A decade of publishing San Diego’s literary community
Kelly Mayhew’s 10 years of community building at City Works Press
November 10, 2015
“I am not alone,” Kelly Mayhew says. She stops typing on her keyboard, allowing the light percussion of keystrokes to dissipate into the gentle background music hovering around the room. “I’m part of the San Diego Writers Collective.”
After forming the San Diego Writers Collective in 2003, Mayhew co-founded City Works Press at San Diego City College in 2005. She is careful to point out that she wasn’t alone in this effort, and that she co-founded the nonprofit publishing company with her partner, Jim Miller, who is also a City College professor.
City Works Press, according to the publisher mission statement, focuses on San Diego’s literary scene, as opposed to bigger cities such as New York or Los Angeles. Mayhew’s mission is to build a local literary community that is less concerned with mass-market and more concerned with the locale.
According to Mayhew, there are a lot of San Diego writers doing great work, but their work is largely unsung. As managing editor of City Works, she curates each book to showcase experimental form, progressive politics and new voices. Mayhew publishes fiction, poetry, nonfiction and academic writing from both veteran authors and also unpublished writers.
Mayhew herself is no stranger to authorship. City Works has published a couple of Mayhew’s own books, but even with writing she prefers a communal experience. She co-authored two books with Miller and co-edited a collection of fiction, poetry and essays on parenting with Alys Masek.
While Mayhew likes writing, she prefers the communal process of editing and actually putting other people’s books “out in the world.” She enjoys finding ISBNs, communicating with printing companies, and going over final drafts – the aspects of publishing that lie beyond the text itself. As Miller puts it, Kelly is really good at “running the nuts and bolts stuff that we need to do to actually have a press.”
Mayhew teaches English, humanities and gender studies at City College, and she is an activist in the progressive community in San Diego.
“I’m an English teacher; that’s mostly what I do,” she says. Mayhew dons a purple bandana and a matching purple shirt. The watch on her left wrist is equally colorful, and she smiles wide as she speaks. She holds two degrees in English and a doctorate in American Culture Studies, but rather than focus on herself, she deflects and focuses instead on City College as a crossroads of different ethnicities and students in challenging socioeconomic positions.
Honoring the local community of people who document their experiences and challenge the status quo is the driving force in Mayhew’s work with City Works Press. “I see books as part of a culture, not as things that stand outside of a culture,” she says. For Mayhew, everything is part of a community and nothing stands alone – including herself.
City Works held its 10th anniversary celebration on Oct. 16 at the packed Glashaus Gallery in Barrio Logan where they sold hundreds of copies of their newest release, “Sunshine/Noir II.” The whole point of the event was “not about Kelly or me but about the community surrounding the press,” Miller said, echoing Mayhew’s emphasis on community.

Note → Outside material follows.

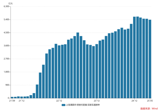 据债券通官网显示,2025年5月,债券通“北向通”成交9156亿元,较2018年同期增长12.79倍,作为对比的是,据Wind数据显示,截至5月末南向通存量债券托管规模为5395.19亿元,今年以来规模有所走弱,较年初下行超200亿元。

“City Works Press is a collective community-based effort representing the San Diego that doesn’t always get represented – the communities that City College represents. And Kelly is a remarkably smart, competent, and caring teacher and professional who really helps bring our effort together,” Miller said.
Gally Mtdo • Nov 11, 2015 at 4:23 pm
It always gives one pause about the old requirement for university success to be published, to have a written work of yours reach a publishing house and be put in print. Now with the Internet and vanity press publishers, has the quality of what authors used to have to display lessened at all, is it easier to reach print and gain an audience than it was “back in the day?” An easy guess is yes, it is, but whatever scaled is used to reach that conclusion is also probably open to debate.
The environmentalists who monitor the lumber industry no doubt had night sweats over the number of trees that were used for no other reason than a new graduate having some kind of introspective work put into print for the main reason of gaining university creds. They can calm down now because of online books and Kindle. But what of us, has the nature of our reading material lessened or deteriorated over the generations? Are our textbooks up to the same standards as those of our ancestors, or maybe even better?
Being a published author and professional acceptance, is it the same now?